*** Data to process ***

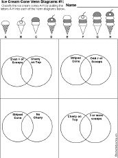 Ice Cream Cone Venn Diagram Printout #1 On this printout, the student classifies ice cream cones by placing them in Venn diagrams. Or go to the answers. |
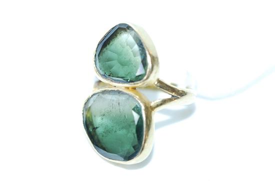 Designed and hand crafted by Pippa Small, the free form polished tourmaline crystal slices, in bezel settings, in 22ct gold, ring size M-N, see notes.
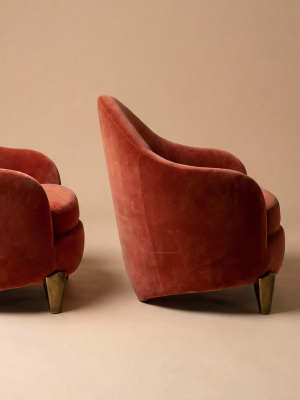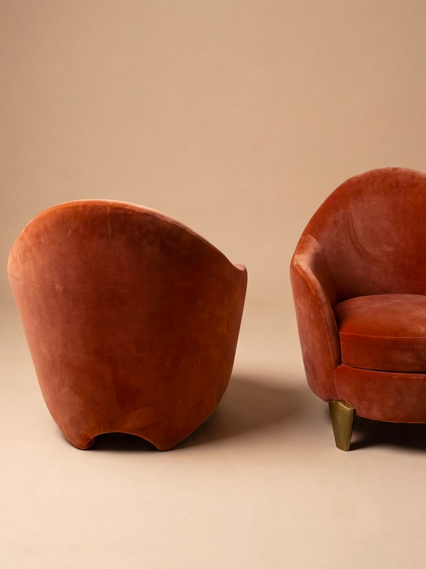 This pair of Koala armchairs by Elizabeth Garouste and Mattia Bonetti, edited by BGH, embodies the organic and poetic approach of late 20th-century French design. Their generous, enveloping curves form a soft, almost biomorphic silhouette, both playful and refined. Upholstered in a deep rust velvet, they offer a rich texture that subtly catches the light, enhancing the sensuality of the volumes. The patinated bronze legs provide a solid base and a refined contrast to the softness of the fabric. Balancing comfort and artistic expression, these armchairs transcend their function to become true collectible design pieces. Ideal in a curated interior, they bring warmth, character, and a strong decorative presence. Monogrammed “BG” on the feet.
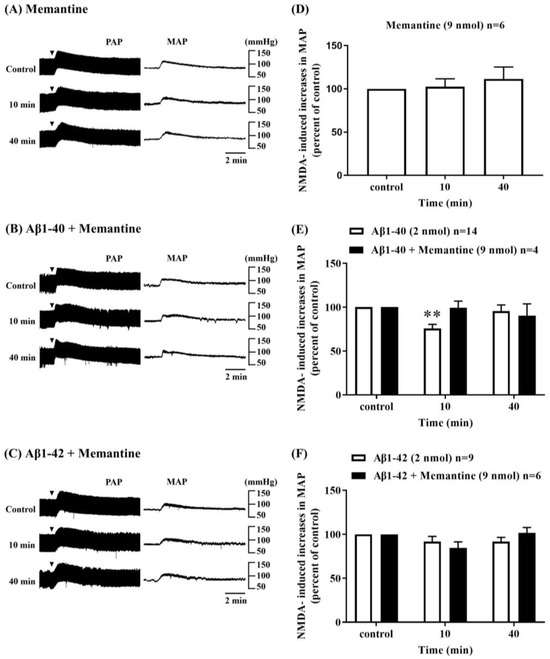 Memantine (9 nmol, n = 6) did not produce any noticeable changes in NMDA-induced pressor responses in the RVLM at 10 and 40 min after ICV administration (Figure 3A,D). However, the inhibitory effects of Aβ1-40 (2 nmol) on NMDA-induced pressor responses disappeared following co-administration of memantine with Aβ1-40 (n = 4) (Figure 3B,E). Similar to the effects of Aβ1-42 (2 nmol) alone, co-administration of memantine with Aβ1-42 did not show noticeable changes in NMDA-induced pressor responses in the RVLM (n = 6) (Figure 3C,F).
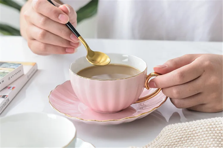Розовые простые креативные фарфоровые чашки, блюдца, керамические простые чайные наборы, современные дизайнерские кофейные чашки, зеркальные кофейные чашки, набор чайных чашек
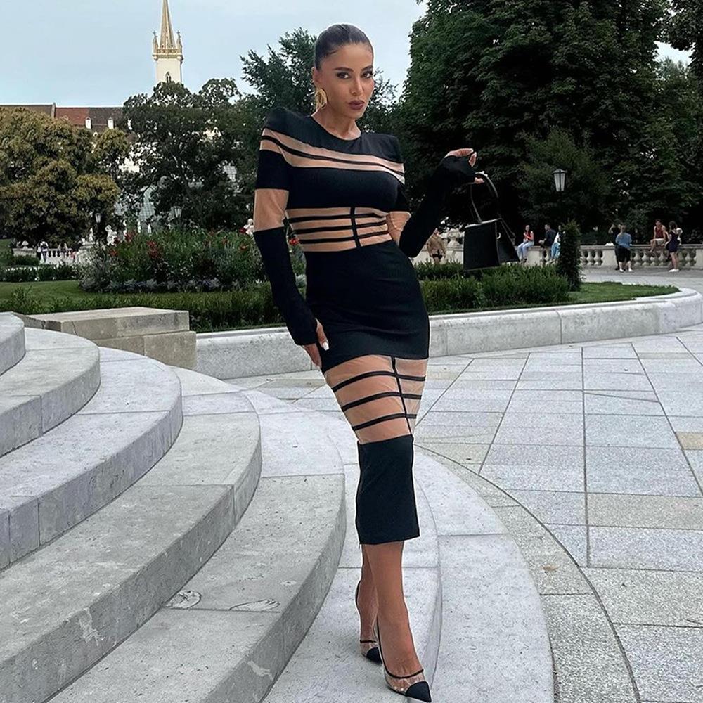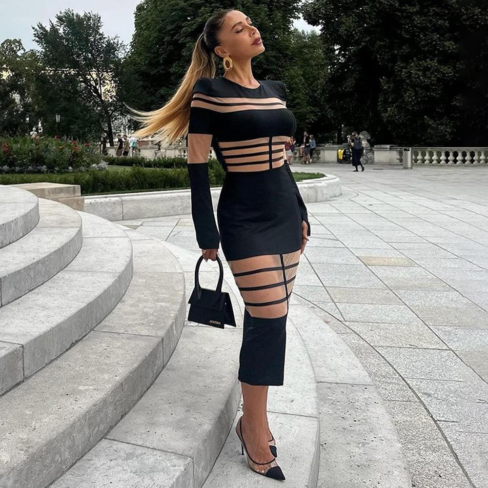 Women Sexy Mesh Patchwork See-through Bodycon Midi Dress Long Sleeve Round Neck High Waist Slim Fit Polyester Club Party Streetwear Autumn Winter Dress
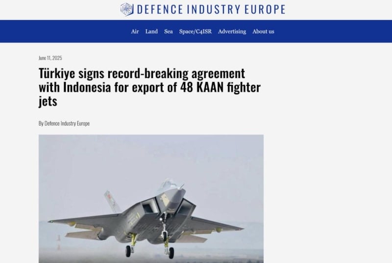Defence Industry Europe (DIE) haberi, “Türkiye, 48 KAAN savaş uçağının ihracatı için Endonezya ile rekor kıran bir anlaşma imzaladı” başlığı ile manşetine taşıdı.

*** End of Data to process ***

• **Exercise**
Could you copy each line above exactly as written, minus any pictures?

• **Answer**
 Ice Cream Cone Venn Diagram Printout #1 On this printout, the student classifies ice cream cones by placing them in Venn diagrams. Or go to the answers. |
 Designed and hand crafted by Pippa Small, the free form polished tourmaline crystal slices, in bezel settings, in 22ct gold, ring size M-N, see notes.
 This pair of Koala armchairs by Elizabeth Garouste and Mattia Bonetti, edited by BGH, embodies the organic and poetic approach of late 20th-century French design. Their generous, enveloping curves form a soft, almost biomorphic silhouette, both playful and refined. Upholstered in a deep rust velvet, they offer a rich texture that subtly catches the light, enhancing the sensuality of the volumes. The patinated bronze legs provide a solid base and a refined contrast to the softness of the fabric. Balancing comfort and artistic expression, these armchairs transcend their function to become true collectible design pieces. Ideal in a curated interior, they bring warmth, character, and a strong decorative presence. Monogrammed “BG” on the feet.
 Memantine (9 nmol, n = 6) did not produce any noticeable changes in NMDA-induced pressor responses in the RVLM at 10 and 40 min after ICV administration (Figure 3A,D). However, the inhibitory effects of Aβ1-40 (2 nmol) on NMDA-induced pressor responses disappeared following co-administration of memantine with Aβ1-40 (n = 4) (Figure 3B,E). Similar to the effects of Aβ1-42 (2 nmol) alone, co-administration of memantine with Aβ1-42 did not show noticeable changes in NMDA-induced pressor responses in the RVLM (n = 6) (Figure 3C,F).
Розовые простые креативные фарфоровые чашки, блюдца, керамические простые чайные наборы, современные дизайнерские кофейные чашки, зеркальные кофейные чашки, набор чайных чашек
 Women Sexy Mesh Patchwork See-through Bodycon Midi Dress Long Sleeve Round Neck High Waist Slim Fit Polyester Club Party Streetwear Autumn Winter Dress
Defence Industry Europe (DIE) haberi, “Türkiye, 48 KAAN savaş uçağının ihracatı için Endonezya ile rekor kıran bir anlaşma imzaladı” başlığı ile manşetine taşıdı.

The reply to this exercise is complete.